▸ Problem to work on: Repeat, line for line, only the span that opens at the "丘濬是生长于海南的明代名臣,一生著作众多" line and closes at the final line below. Skip the pictures.

▸ Stored entries:
--- START ---

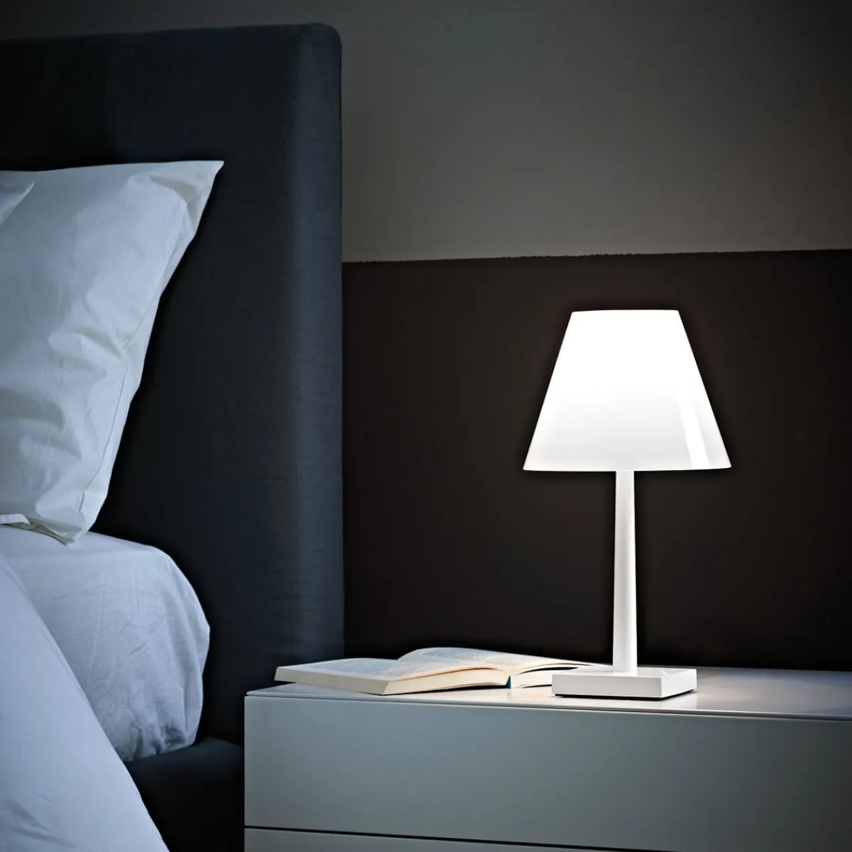 - Klassisch moderne Tischleuchte aus einem Polycarbonatschirm und einem Aluminiumfuß
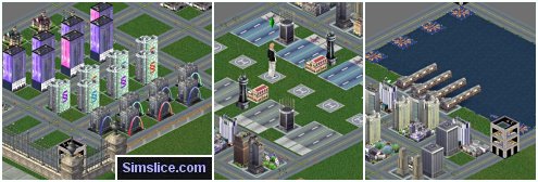 What a city! This uses all Slice City addons to make a lot containing a bustling city, marina, thriving seaport, lively casino district and an air & space port for travelers. Two large unfurnished structures also available to house other essentials for your Sims. Since this occupies Unleashed Lot #70, the Unleashed expansion pack is required.
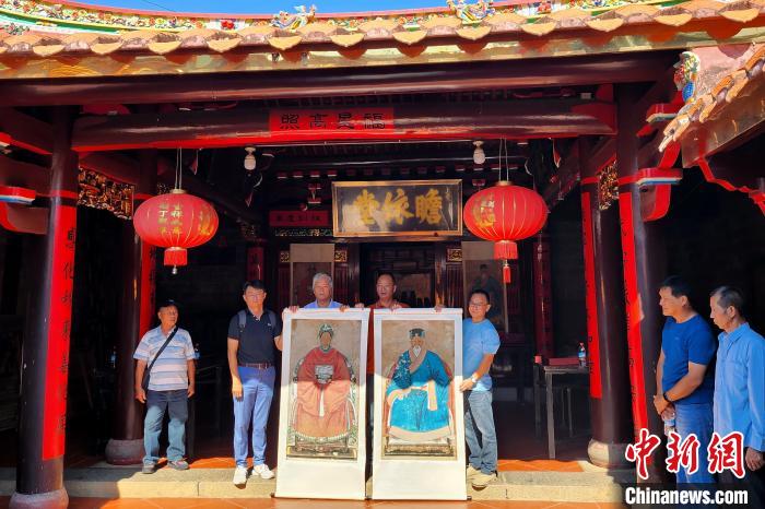 10月30日,福建省漳州市長(zhǎng)泰區(qū)江都村連氏宗親在連氏祖厝“瞻依堂”向臺(tái)灣宗親贈(zèng)送連氏先祖畫(huà)像。(長(zhǎng)泰區(qū)委臺(tái)港澳辦 供圖)
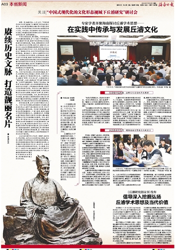 丘濬是生长于海南的明代名臣,一生著作众多,被誉为“有明一代文臣之宗”,其留下的诸多珍贵历史文化遗产是海南历史文化的代表性符号,也是中华优秀传统文化的重要组成部分。大家一致认为,要坚定文化自信,坚持守正创新,加强丘濬学术思想研究,深化对海南历史名人文化研究,讲好海南故事,进一步提升海南文化传播力、辐射力和影响力,向世界积极展示中华文化和中国风范。
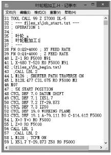 在 hyper MILL 中,利用后处理定制工具 hyper POST创建. oma 格式的后处理器,并对生成的 CL 文件和加工信息进行后处理,生成机床可识别的. h 格式的 NC加工代码。图 9 所示为叶轮粗加工的部分 NC 代码。

--- END ---

▸ Solution:
 丘濬是生长于海南的明代名臣,一生著作众多,被誉为“有明一代文臣之宗”,其留下的诸多珍贵历史文化遗产是海南历史文化的代表性符号,也是中华优秀传统文化的重要组成部分。大家一致认为,要坚定文化自信,坚持守正创新,加强丘濬学术思想研究,深化对海南历史名人文化研究,讲好海南故事,进一步提升海南文化传播力、辐射力和影响力,向世界积极展示中华文化和中国风范。
 在 hyper MILL 中,利用后处理定制工具 hyper POST创建. oma 格式的后处理器,并对生成的 CL 文件和加工信息进行后处理,生成机床可识别的. h 格式的 NC加工代码。图 9 所示为叶轮粗加工的部分 NC 代码。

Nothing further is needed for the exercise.